Зиму 1843-<18>44 года Гоголь проводит в Ницце в обществе А. О. Смирновой, Соллогуб и Виельгорских. О том, какое влияние имели они на Гоголя, вы уже знаете из приведенного мною отзыва Аксакова. Не они бы могли поддержать падающий дух его. В этот период Гоголь, правда, не пережил резкого приступа меланхолического состояния, такого, наприм., как в 1840 г. в Вене; ему то похуже, то получше, он может еще немного работать и по временам бывает оживленнее, но в общем этот период в его жизни должен быть отнесен к периодам депрессивным. Он пишет Аксакову (10 фев. 1844 г.), объясняя свое молчание: «Причиною этого было отчасти физическое болезненное расположение, содержавшее дух мой в каком-то бесчувственно-сонном положении» и к Россет: «Надоело сильно мое болезненное состояние, препятствующее всякой работе». И так с такими же колебаниями — то улучшения, то обострения апатии и тоски — тянется это состояние до осени этого года, когда Гоголь пишет Языкову (12 ноября 1844 г.): «После купанья я чувствую себя лучше, ибо, надо тебе сказать правду, я был слишком болен летом и так дурен, как давно себя не помню. Нервы до такой степени были расстроены, что не в силах был не только что-нибудь делать, но даже ничего не делать». Это состояние относительного психического здоровья было только временным улучшением на протяжении длительного депрессивного периода, и уже в начале 1845 г. меланхолический приступ выражается в полной силе. Он мечется из Франкфурта в Париж, из Парижа снова в Франкфурт, потом по курортам и, очевидно, нигде не находит себе облегчения; состояние тревоги и тоски нарастает и достигает наиболее выраженной степени к лету. 4 июня он пишет Смирновой: «Я страдаю весь душой от страдания моего тела, и душа изнывает вся от страшной хандры, которую приносит болезнь». В это полугодие Гоголь дважды говеет,— до такой степени чувствует он себя плохо и ожидает смерти,— между тем на самом деле искуснейшие врачи того времени, наприм., знаменитый Шенлейн, Круккенберг и Карус, не могли найти в нем никакого хронического страдания, только нервное расстройство, и первый из них назначил только легкое водолечение.

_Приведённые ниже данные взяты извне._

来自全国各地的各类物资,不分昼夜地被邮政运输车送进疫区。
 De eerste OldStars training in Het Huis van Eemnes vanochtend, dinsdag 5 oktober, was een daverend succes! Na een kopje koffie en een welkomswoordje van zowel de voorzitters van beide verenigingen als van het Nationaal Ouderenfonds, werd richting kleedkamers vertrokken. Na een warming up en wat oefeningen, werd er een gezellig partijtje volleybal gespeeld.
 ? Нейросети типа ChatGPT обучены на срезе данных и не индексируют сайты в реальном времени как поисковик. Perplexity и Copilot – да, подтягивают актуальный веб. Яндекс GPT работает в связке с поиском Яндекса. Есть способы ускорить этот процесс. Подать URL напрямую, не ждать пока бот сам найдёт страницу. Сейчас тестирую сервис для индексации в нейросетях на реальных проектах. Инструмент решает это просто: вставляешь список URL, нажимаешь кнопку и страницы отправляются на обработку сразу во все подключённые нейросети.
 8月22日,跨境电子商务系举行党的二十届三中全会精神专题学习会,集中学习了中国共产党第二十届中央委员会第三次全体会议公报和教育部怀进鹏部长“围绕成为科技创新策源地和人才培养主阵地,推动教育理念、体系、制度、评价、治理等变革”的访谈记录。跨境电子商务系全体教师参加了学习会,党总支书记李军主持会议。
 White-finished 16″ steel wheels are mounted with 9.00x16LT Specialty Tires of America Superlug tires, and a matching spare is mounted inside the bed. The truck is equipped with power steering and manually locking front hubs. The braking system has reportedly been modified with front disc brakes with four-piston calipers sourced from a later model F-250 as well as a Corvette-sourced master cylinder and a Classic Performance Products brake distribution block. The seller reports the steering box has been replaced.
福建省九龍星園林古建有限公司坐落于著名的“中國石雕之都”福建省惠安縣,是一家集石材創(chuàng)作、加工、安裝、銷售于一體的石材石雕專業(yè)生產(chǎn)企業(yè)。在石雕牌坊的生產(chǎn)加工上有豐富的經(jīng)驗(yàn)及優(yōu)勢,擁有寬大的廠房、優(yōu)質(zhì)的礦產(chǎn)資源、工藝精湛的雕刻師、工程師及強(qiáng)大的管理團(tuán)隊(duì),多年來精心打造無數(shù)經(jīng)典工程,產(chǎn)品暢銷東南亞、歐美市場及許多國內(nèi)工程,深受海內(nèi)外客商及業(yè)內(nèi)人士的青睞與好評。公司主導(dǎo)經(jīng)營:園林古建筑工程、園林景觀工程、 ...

Это тягостное состояние, о котором Гоголь еще в июле писал Шереметевой: «здоровье мое плохо совершенно, силы мои гаснут», после водолечения в Грейфенберге начинает улучшаться и в октябрьских письмах он сообщает уже своим друзьям и матери, что он поправился и чувствует себя хорошо. За этим длительным и тяжелым депрессивным периодом следует около двух лет душевного здоровья и даже временного повышенного настроения. Но судьба безжалостна к нашему писателю. Едва ли не к осени 1845 года, проведенной в Риме, должно быть отнесено то заболевание маляриею, о которой свидетельствуют Смирнова и Аксаков, но о чем сам Гоголь в своих письмах не упоминает. Делаю это предположение, ибо именно маляриею и обусловленным ею малокровием всего вероятнее объяснить те своеобразные болезненные явления, на которые он с тех пор часто жалуется: «Чувствую слабость, что всего непонятнее, до такой степени зябкость, что не имею времени сидеть в комнате, должен ежеминутно бегать согреваться. Едва же согреюсь и приду, как в миг остываю, хотя комната и тепла, и должен вновь бегать согреваться. В такой беготне проходит почти весь день» (письмо Аксакову, Рим, 15 ноября 1845 г.).

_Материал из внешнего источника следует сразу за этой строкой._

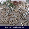 4、自潤滑塊的幾何形狀及鑲嵌要求。自潤滑塊的形狀有柱形和矩形兩種,自潤滑根據所占面積大小可采用柱形,反之可采用矩形。無論何種形狀必須鑲嵌牢固,以防在運行中脫落。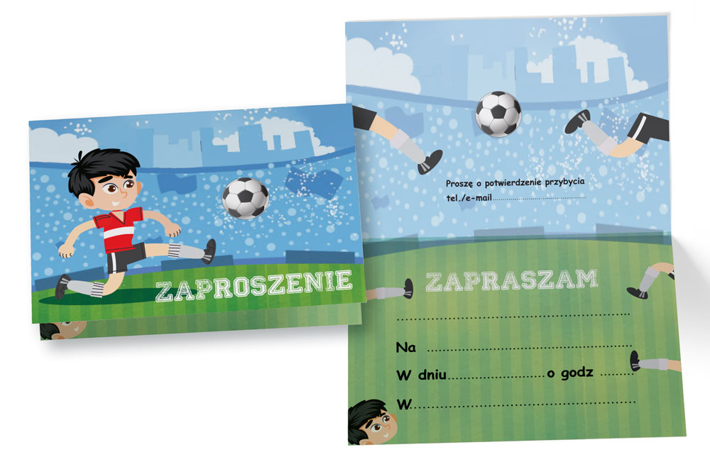 Zaproszenie na urodziny z motywem piłki nożnej – idealny sposób na zapraszanie gości na imprezę fana footballu.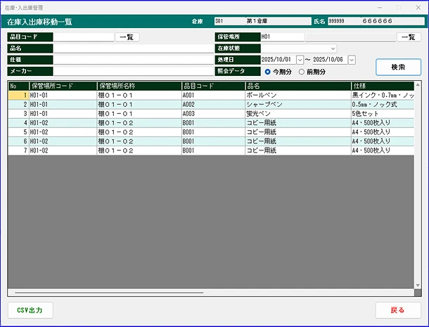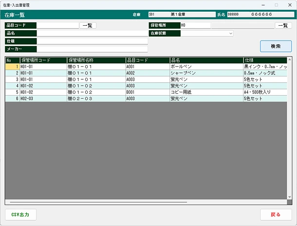 | 在庫入出庫一覧 | 在庫の入出庫履歴を確認します。 |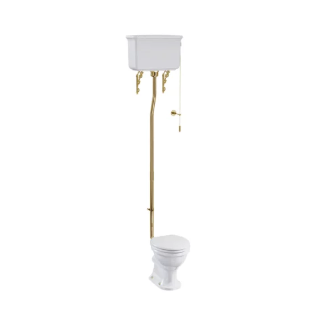This high level toilet includes flush pipe kit including lever, rigid pull chain, flush pipes, reverse screw cistern connector, stopper and ornate brackets, and comes in a gold, brushed nickel or finishes.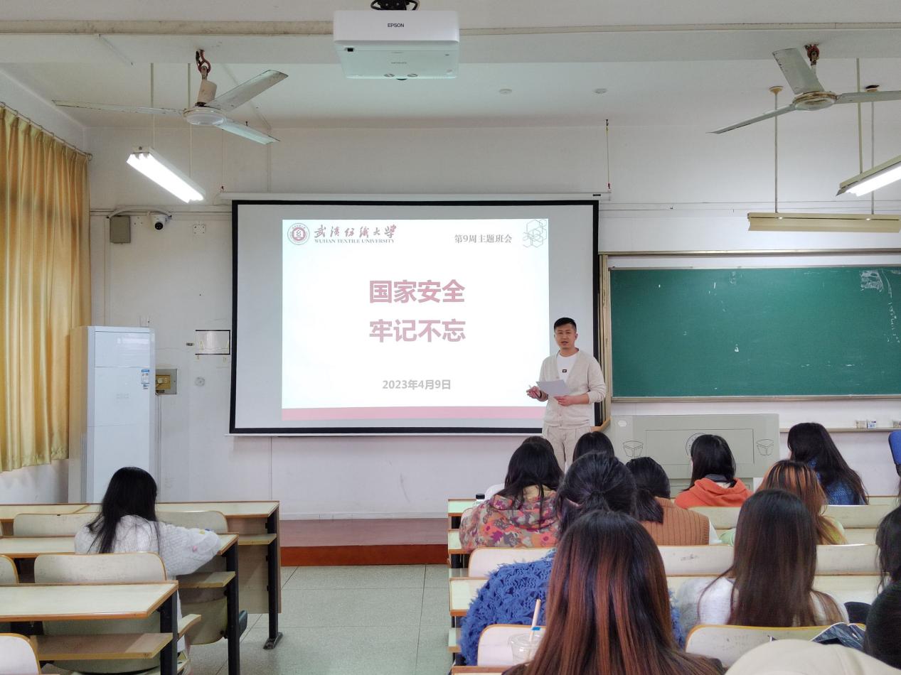 党委副书记郭泰辰于南湖校区尚知楼为服设12201班学生召开了“国家安全,牢记不忘”主题班会。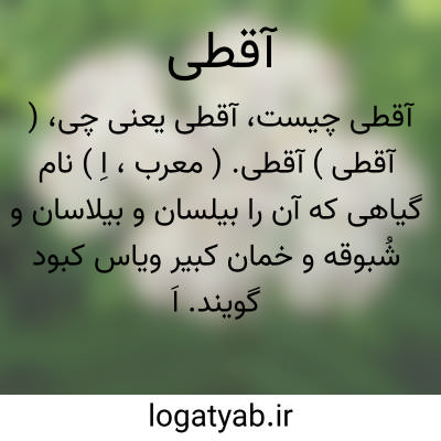 ( آقطی ) آقطی. ( معرب، اِ ) نام گیاهی که آن را بیلسان و بیلاسان و شُبوقه و خمان کبیر ویاس کبود گویند. اَقطی. اقطی بزرگ. نام آن بلاطینیه،سامبوکوس نیگرا، باشد.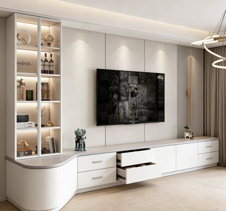 Modern Minimalist Integrated TV Stand - Sleek Living Room Furniture with LED Lighting & Glass-Door Storage Organization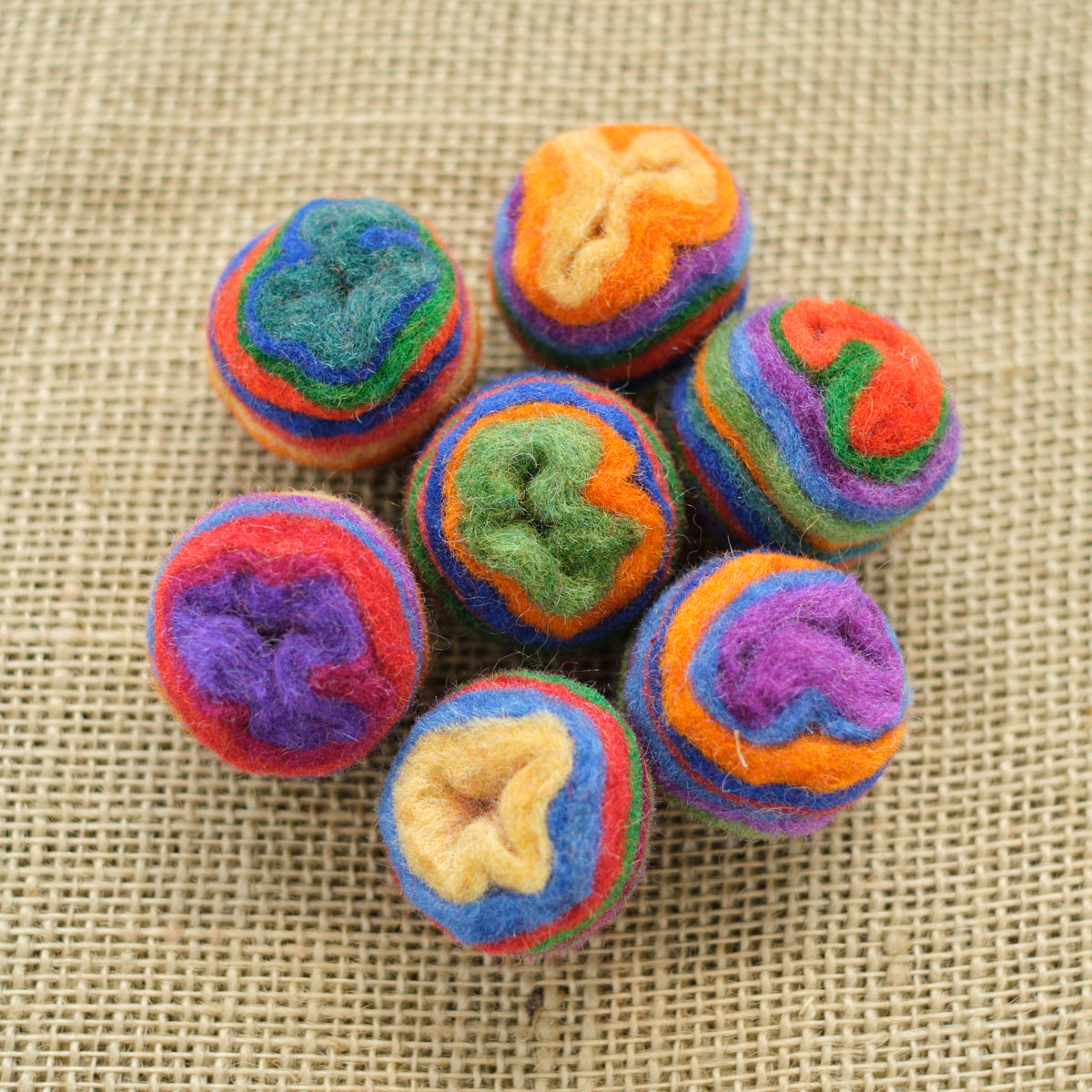 These balls are 100% wool felt that are made from pieces of felt that are stacked together, sewn in the middle and the felted and trimmed to make a magical swirl ball! Sold individually, and colors may vary.

Чрезвычайно интересно и характерно и очень важно отметить здесь, что циклическое течение душевной болезни Гоголя совершенно независимо от его физического здоровья и телесных недугов; те же жалобы на «странную зябкость, какой не чувствовал доселе» повторяются и в письме к Плетневу (28 ноября 1845 г.), но Гоголь досадует главным образом на причиненную этим состоянием потерю времени, ибо «чувствует и голову и мысли более свежими» и рад бы «засесть за труд, от которого сильно отвлекали прежде недуги и ». Весьма любопытно в этом отношении письмо к А. П. Толстому (Рим, 2 янв. 1846 г.), дающее полную картину состояния здоровья Гоголя, из которой с очевидностью явствует эта совершенная независимость его душевного недуга от состояния его физического здоровья: «Вот вам мое нынешнее состояние: я зябну теперь до такой степени, что ни огонь, ни движение, ни ходьба меня не согревают. Мне нужно много бегать, чтобы сколько-нибудь согреть кровь, но этого теперь нельзя, потому что совсем ослабели ноги и силы, жилы болят и пухнут. Но благодарю милосердного Бога, что, несмотря на невыносимо-болезненное чувство, которое слышит все мое тело, находящееся вечно в лихорадочном состоянии, ни хандра, ни скорбь ».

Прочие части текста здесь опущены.